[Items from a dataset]
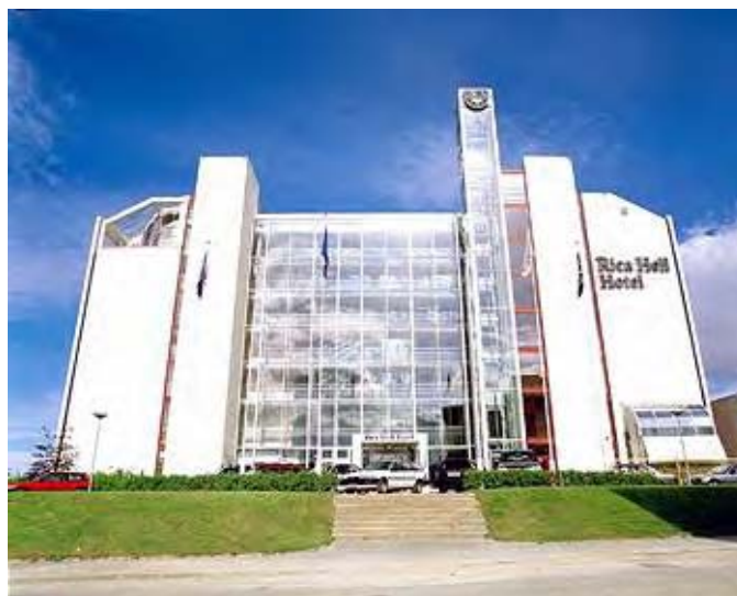
Årsmøtet vart halde på Rica Hell Hotell i Stjørdal.
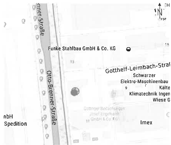
Lage im Industriegebiet
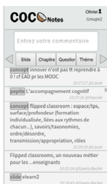
Fig. 1. L'interface de COCoNotes Live
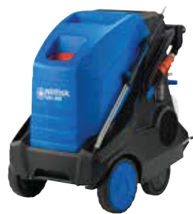
MH 4M X
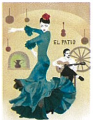
⑬ EL PATIO 2
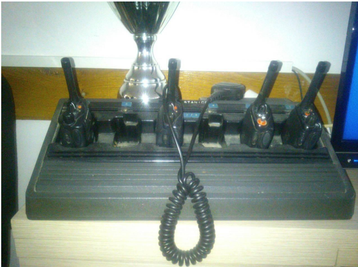
Slika 5. Motorole tijekom punjenja u VP

Zbog topografije (zakrivljenosti), terena i nepostojanja odgovarajućeg repetitora znaju se pojaviti problemi u uspostavljanju i održavanju radio veze između vatrogasne postaje i pojedinih prijenosnih i mobilnih radio stanica. U takvim situacijama treba koristiti mogućnost indirektna komunikacije preko tornja HKZP-a kao najviše točke na području ZLS. Zbog konstrukcije putničke zgrade i prostora ispod nove stajanke u nekim dijelovima istih nije moguće uspostaviti i održavati radio vezu, a to je posebice izraženo u podrumu putničke zgrade. Za uspostavu veze u takvim situacijama treba koristiti telefonsku vezu.
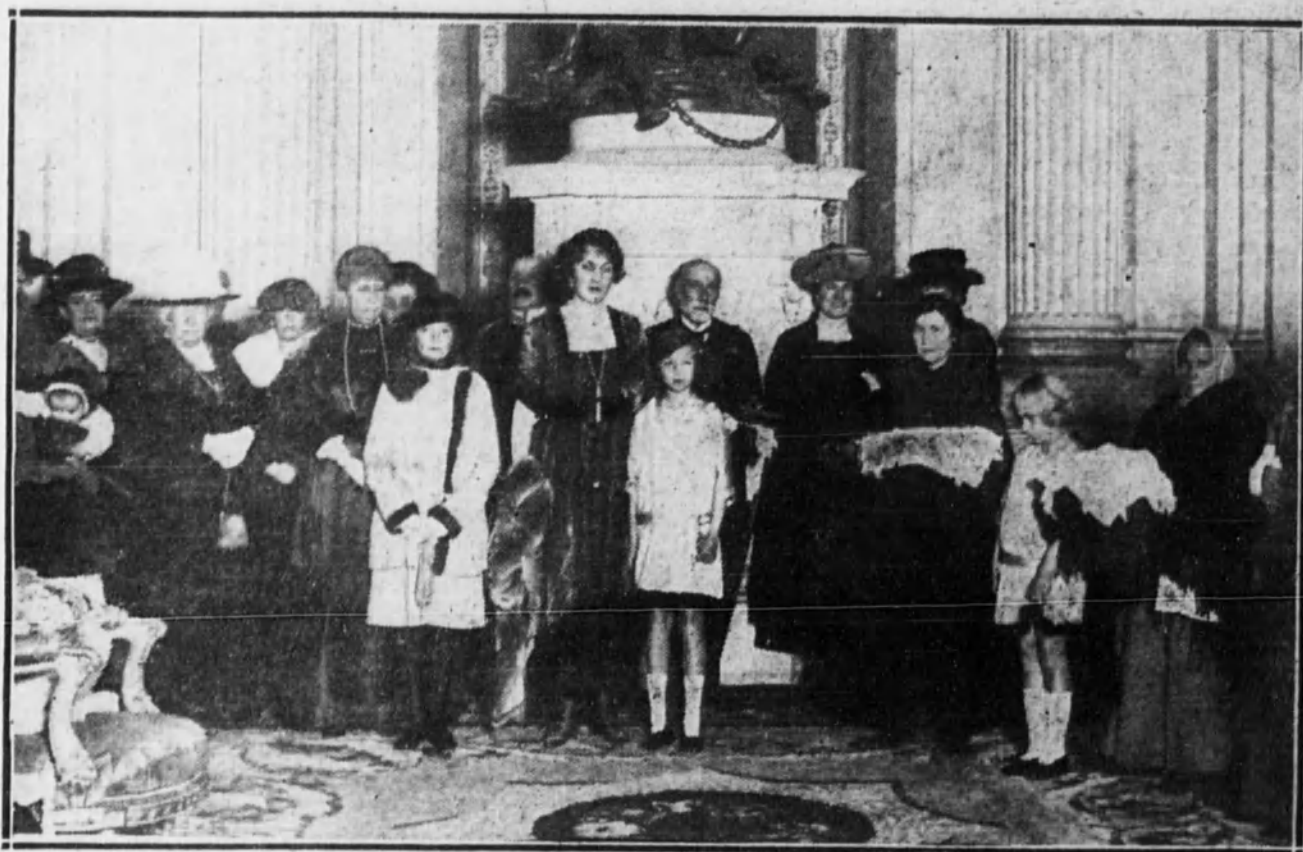
MADRID.—Sus Majestades las Reinas doña Victoria y doña Cristina, la Infanta Isabel y los Infantitos en el acto del reparto de ropas a los pobres, celebrado en el Salón de Columnas del Palacio Real.
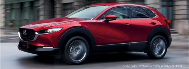
Body color: ソウルレッドクリスタルメタリック
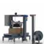
FLEJADO DE CAJAS FC | PRO
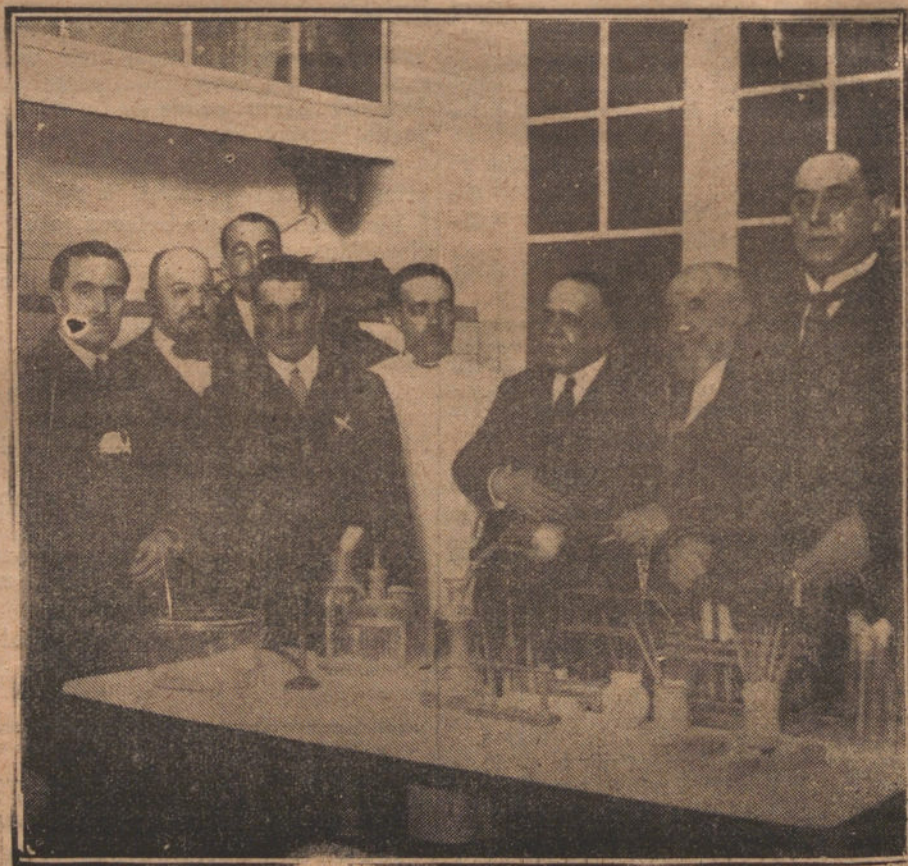
VISITA DEL ALCALDE AL LABORATORIO MUNICIPAL

How to complete this task: At the line containing "Lage im Industriegebiet", begin reproducing the entries word for word, and continue through their last line. Leave out the pictures.

Response to this exercise:
Lage im Industriegebiet
Fig. 1. L'interface de COCoNotes Live
MH 4M X
⑬ EL PATIO 2
Slika 5. Motorole tijekom punjenja u VP

Zbog topografije (zakrivljenosti), terena i nepostojanja odgovarajućeg repetitora znaju se pojaviti problemi u uspostavljanju i održavanju radio veze između vatrogasne postaje i pojedinih prijenosnih i mobilnih radio stanica. U takvim situacijama treba koristiti mogućnost indirektna komunikacije preko tornja HKZP-a kao najviše točke na području ZLS. Zbog konstrukcije putničke zgrade i prostora ispod nove stajanke u nekim dijelovima istih nije moguće uspostaviti i održavati radio vezu, a to je posebice izraženo u podrumu putničke zgrade. Za uspostavu veze u takvim situacijama treba koristiti telefonsku vezu.
MADRID.—Sus Majestades las Reinas doña Victoria y doña Cristina, la Infanta Isabel y los Infantitos en el acto del reparto de ropas a los pobres, celebrado en el Salón de Columnas del Palacio Real.
Body color: ソウルレッドクリスタルメタリック
FLEJADO DE CAJAS FC | PRO
VISITA DEL ALCALDE AL LABORATORIO MUNICIPAL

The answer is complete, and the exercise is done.